[Data excerpts]
%%

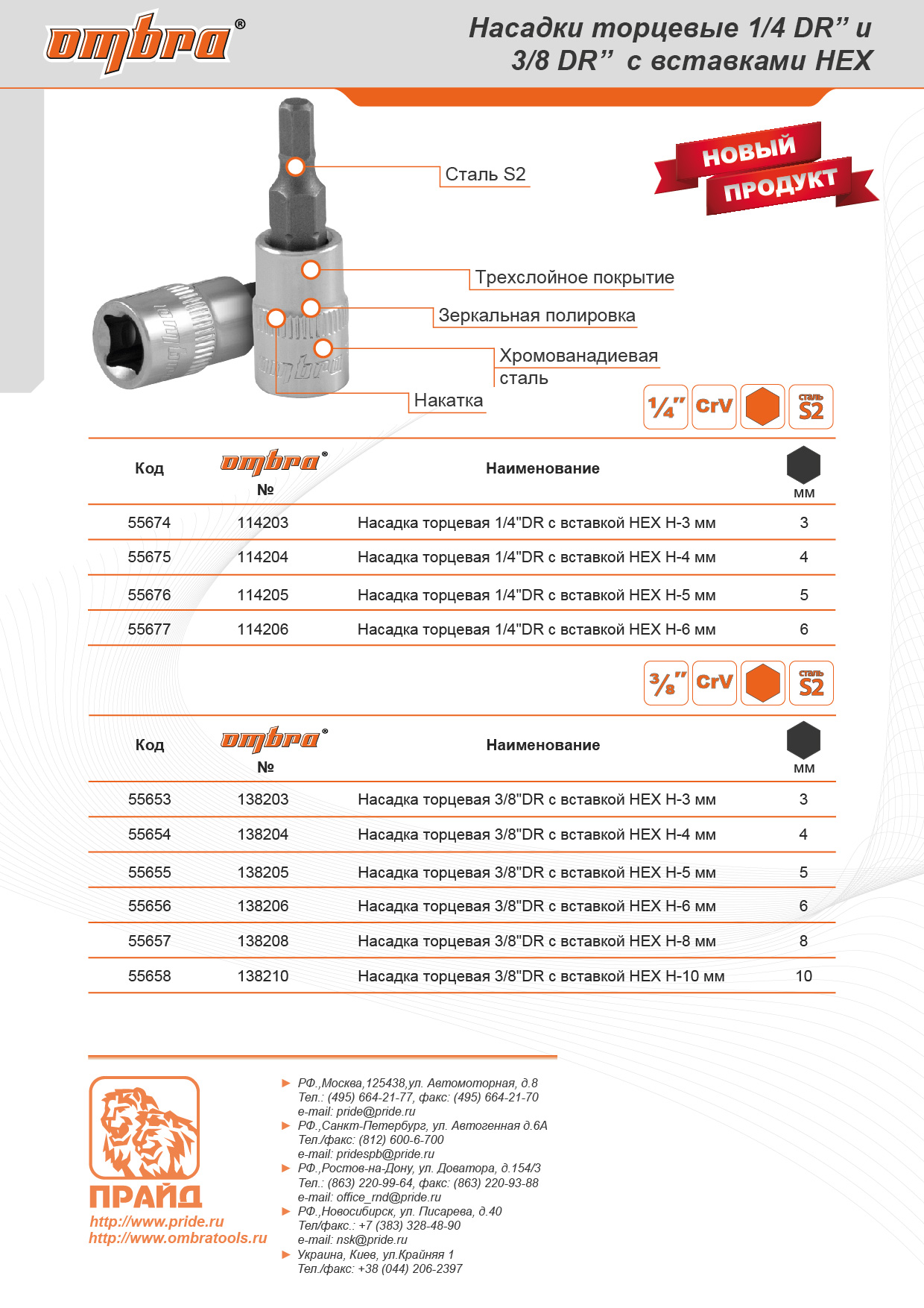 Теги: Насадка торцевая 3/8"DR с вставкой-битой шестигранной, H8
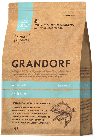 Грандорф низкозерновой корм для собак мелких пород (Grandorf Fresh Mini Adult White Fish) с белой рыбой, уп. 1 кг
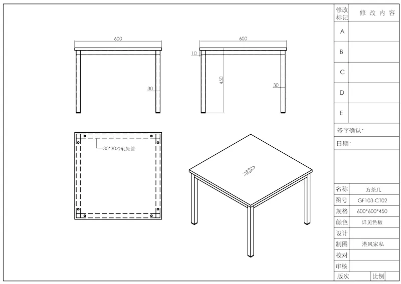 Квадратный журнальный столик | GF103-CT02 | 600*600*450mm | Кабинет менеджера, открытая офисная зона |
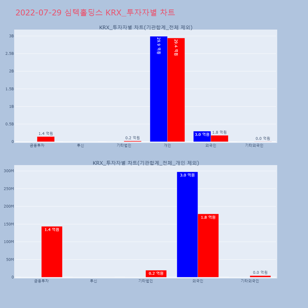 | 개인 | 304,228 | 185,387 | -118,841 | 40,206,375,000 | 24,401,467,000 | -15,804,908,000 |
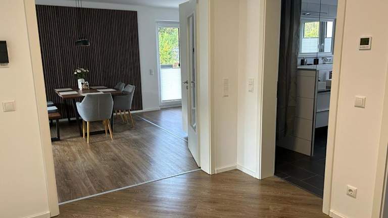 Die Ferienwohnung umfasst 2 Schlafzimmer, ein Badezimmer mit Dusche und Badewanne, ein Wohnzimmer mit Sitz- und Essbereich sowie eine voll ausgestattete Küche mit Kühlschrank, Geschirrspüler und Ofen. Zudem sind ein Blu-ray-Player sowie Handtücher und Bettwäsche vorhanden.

%%

Problem details: Please copy the entries in full. Leave each image out.

Task solution:
 Теги: Насадка торцевая 3/8"DR с вставкой-битой шестигранной, H8
 Грандорф низкозерновой корм для собак мелких пород (Grandorf Fresh Mini Adult White Fish) с белой рыбой, уп. 1 кг
 Квадратный журнальный столик | GF103-CT02 | 600*600*450mm | Кабинет менеджера, открытая офисная зона |
 | 개인 | 304,228 | 185,387 | -118,841 | 40,206,375,000 | 24,401,467,000 | -15,804,908,000 |
 Die Ferienwohnung umfasst 2 Schlafzimmer, ein Badezimmer mit Dusche und Badewanne, ein Wohnzimmer mit Sitz- und Essbereich sowie eine voll ausgestattete Küche mit Kühlschrank, Geschirrspüler und Ofen. Zudem sind ein Blu-ray-Player sowie Handtücher und Bettwäsche vorhanden.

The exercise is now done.